I found out that my public IP address has the property of changing, and every time I had to add it to the whitelist mongue. I started the bot locally, the monga was somewhere on the monga servers as a company.
Suddenly, the normalization of tags and the formatting of messages for a telegram disappeared. (Hmm, why would it?)
I liked that the state of the bot is stored in an external database, and when it restarts, it continues to work as if nothing had happened. However, this was the only plus.

The second person was not in a hurry, and all these changes appeared in one big heap already in early September. I did not immediately appreciate the scale of the damage and began to understand the work of the database, because had never dealt with them before. Only then I realized how much working code was cut and how many bugs were added in return.

September

At first, I thought it would be useful to master Mongu and do everything well. Then I slowly began to understand that organizing communication with the database is also an art in which you can make races and just mistakes. For example, if two messages of the type /subscribe

arrive from the user, and in response to each, we will create an entry in the label, because at the time of processing those messages, the user is not signed. I had a suspicion that communication with the monga in its present form was not written in the best way. For example, user settings were created at the moment when he signed up. If he tried to change them before the fact of subscription ... the bot did not answer, because the code in the actor climbed into the database for the settings, could not find and crashed. To the question - why not create settings as needed, I found out that there is nothing to change them if the user has not subscribed ... The message filtering system was somehow not obvious, and even after a close look into the code I couldn’t understand if it was originally conceived or there is a mistake.

There was no list of articles sent to chat; instead, it was suggested that I write them myself. This surprised me - in general, I was not opposed to dragging all sorts of pieces into the project, but it would be logical to pull these pieces in and screw them on.

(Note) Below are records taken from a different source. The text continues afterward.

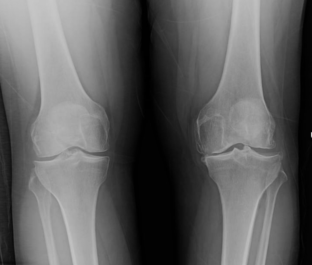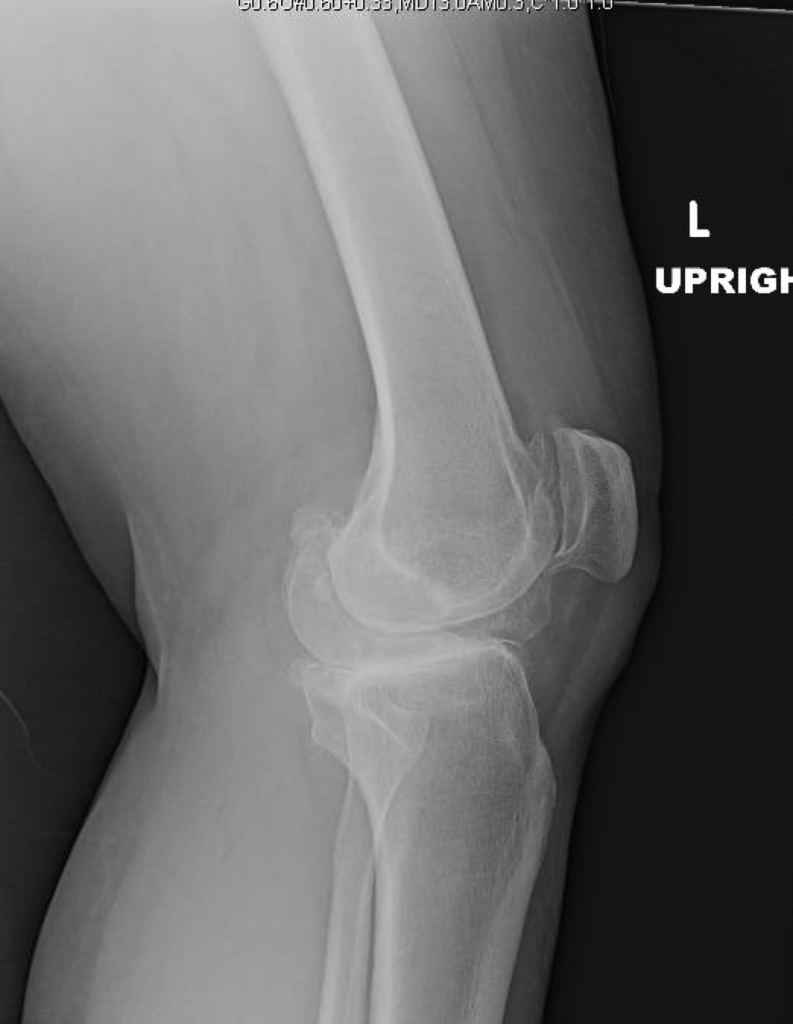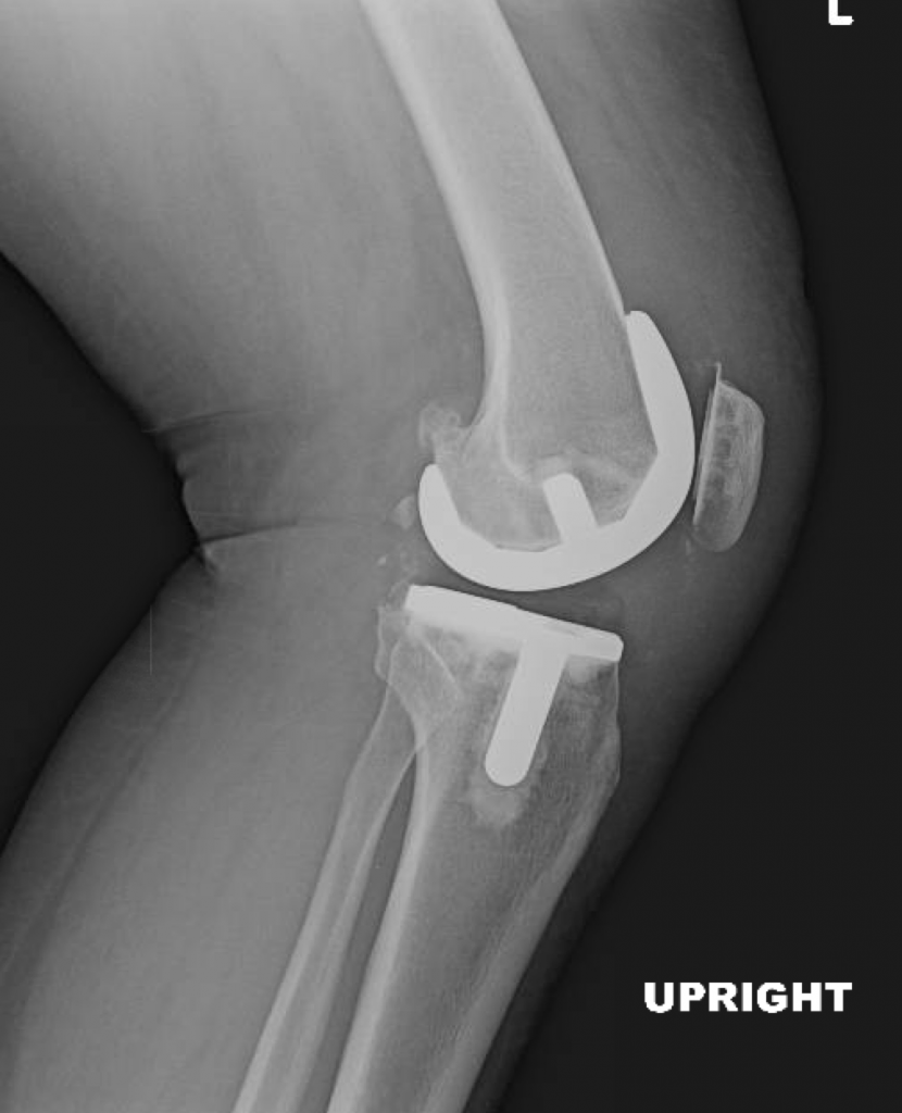 This is a 56 year old female with severe post-trauamtic arthritis of the left knee. She underwent prior knee arthroscopy, which failed. She had continuous pain, a significant limp, and a flexion contracture of 15 degrees.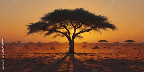 Lone Acacia Tree at Desert Sunset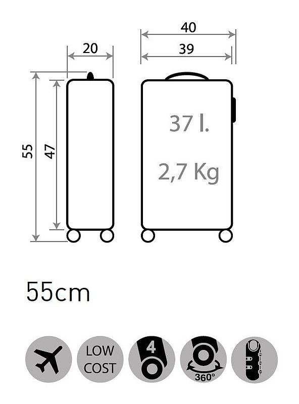 Cestovní kufr ABS je luxusní plastový kufr. Cestovní kufr 55 cm je vyroben z pevného ABS plastu a má 4 otočná kolečka, integrovaný zámek s číselným kódem. Rozměr kufru umožňuje použití též jako kabinové zavazadlo vhodné i pro nízkonákladové lety.
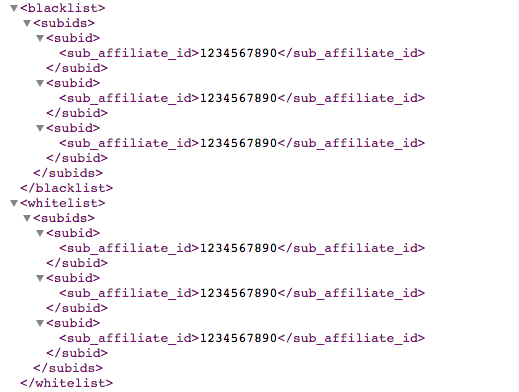 We can output sub IDs which are passed to us in the &s1 parameter to blacklist or whitelist on a per campaign basis through MotiveFeed.com in order to increase efficiency of campaign optimizations. Please speak with your account manager if you want to enable this.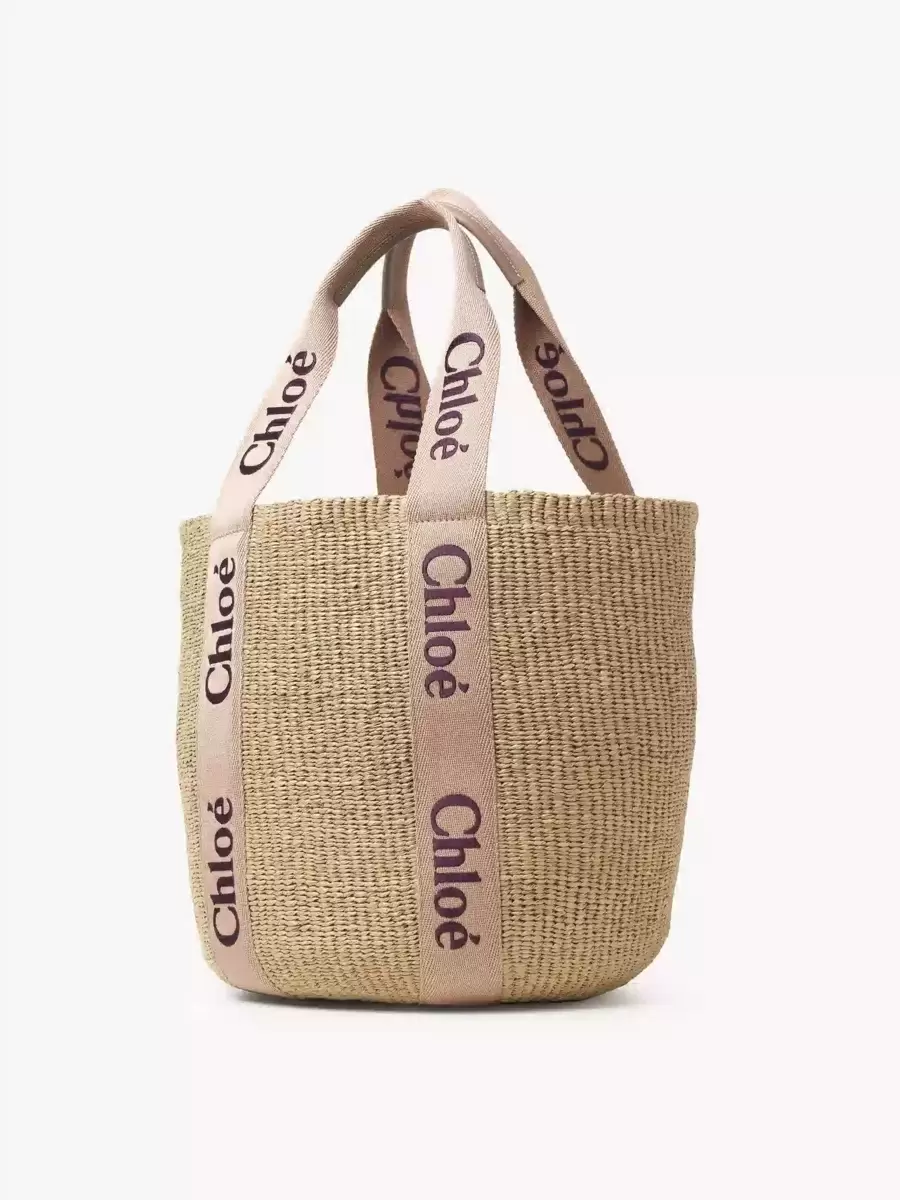 This large Woody basket bag is handwoven from fair-trade paper by independent craftswomen in Kenya. It is finished with signature canvas ribbons embroidered with the Chloé logo.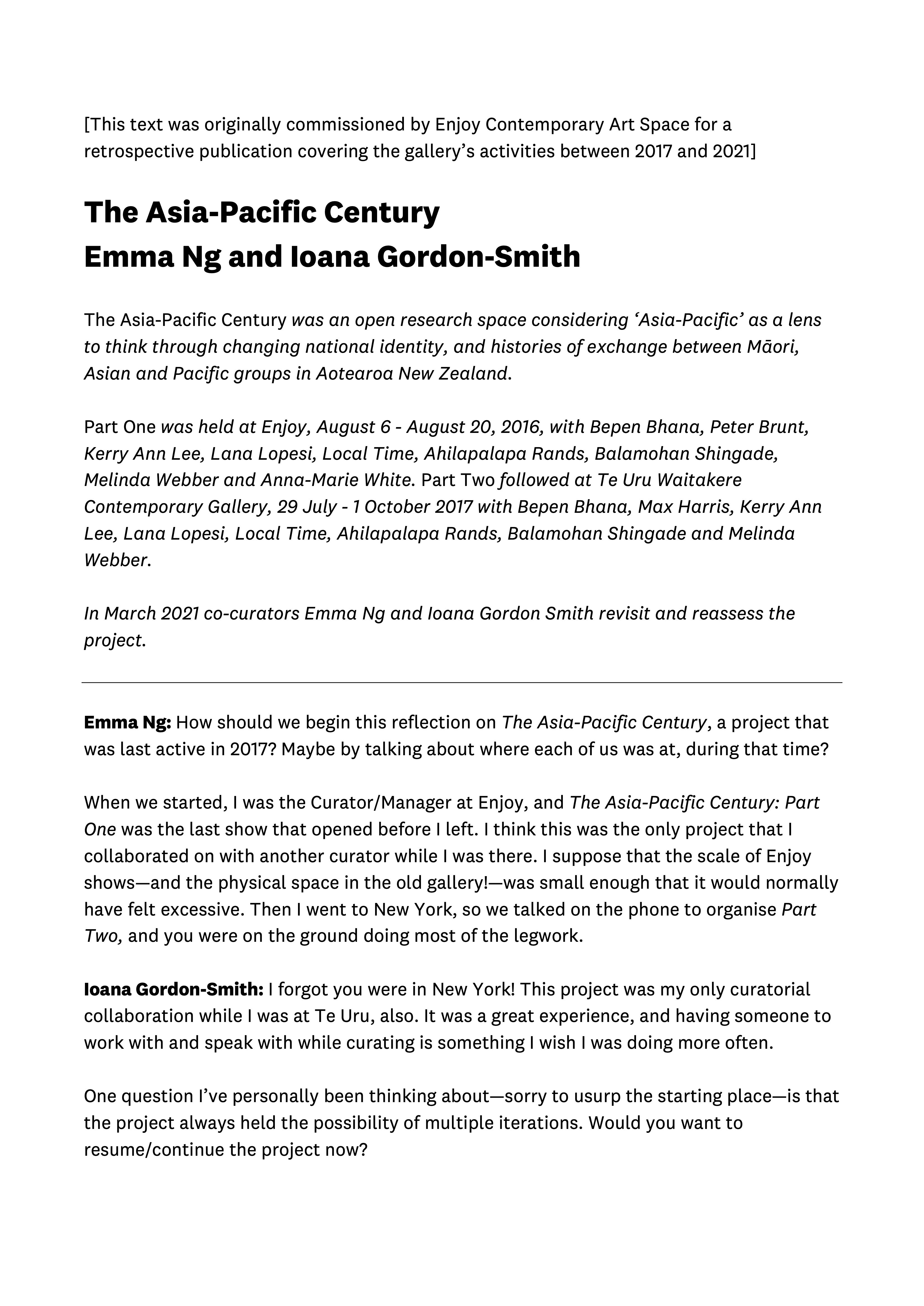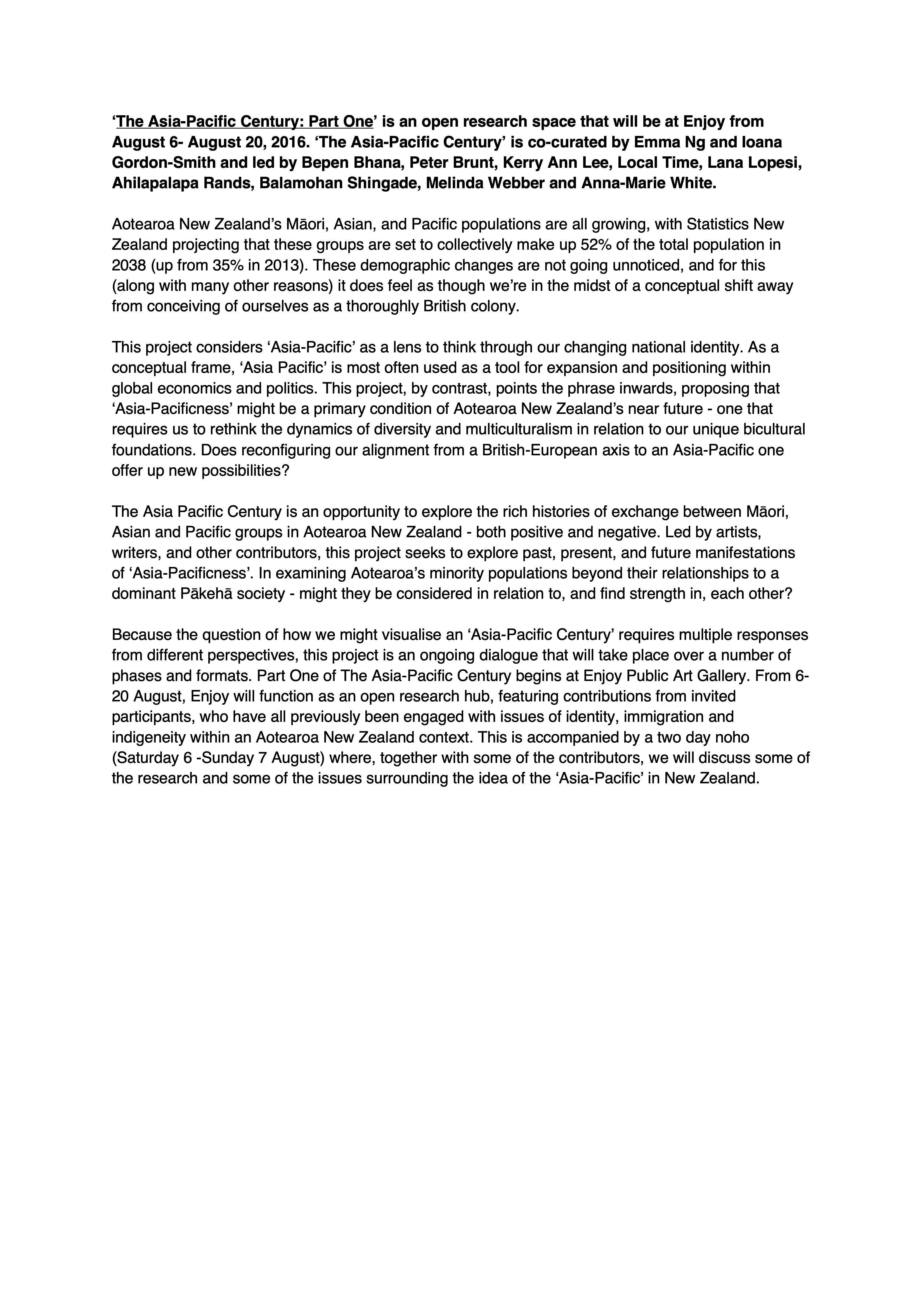 The Asia-Pacific Century: Part I took the form of a research hub at Enjoy, featuring contributions from invited participants whose existing research or practice engages with issues of identity, immigration and indigeneity within the context of Aotearoa. Contributors included Bepen Bhana, Peter Brunt, Kerry Ann Lee, Local Time, Lana Lopesi, Ahilapalapa Rands, Balamohan Shingade, Melinda Webber and Anna-Marie White — and their contributions ranged from reading material to artworks, to conversation transcripts, to slideshows. A two-day noho gathered together some of the contributors to begin discussing issues emerging from this idea of the 'Asia-Pacific'.
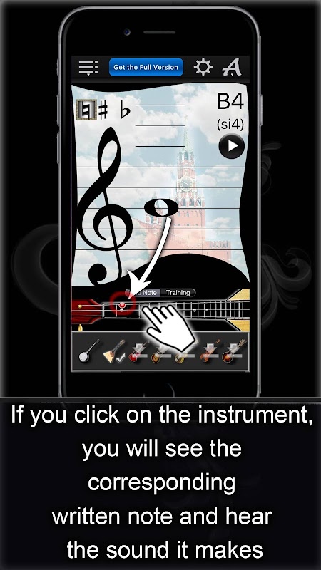 When you point to a note on a virtual page, the app will show you where this note is on an instrument and the other way around, if you click instrument, you will see the corresponding note and hear the sound it makes.

But no, the second participant seems to have forgotten everything, but said that the list inside the chat is supposedly a bad decision, and you need to make a plate with events like "article x was sent to user x". Then, if the user requested to send new articles, it was necessary to send a request to the database, which of the events would select events related to the user, still get a list of new articles, filter them, send to the user and throw events about it back to the database.

The second participant somewhere suffered in the direction of abstractions, when the bot will not only receive articles from Habr and send not only to telegrams.

I somehow implemented the events in the form of a separate tablet by the second half of September. Not optimal, but the bot at least worked and started sending me articles again, and I slowly figured out what was happening in the code.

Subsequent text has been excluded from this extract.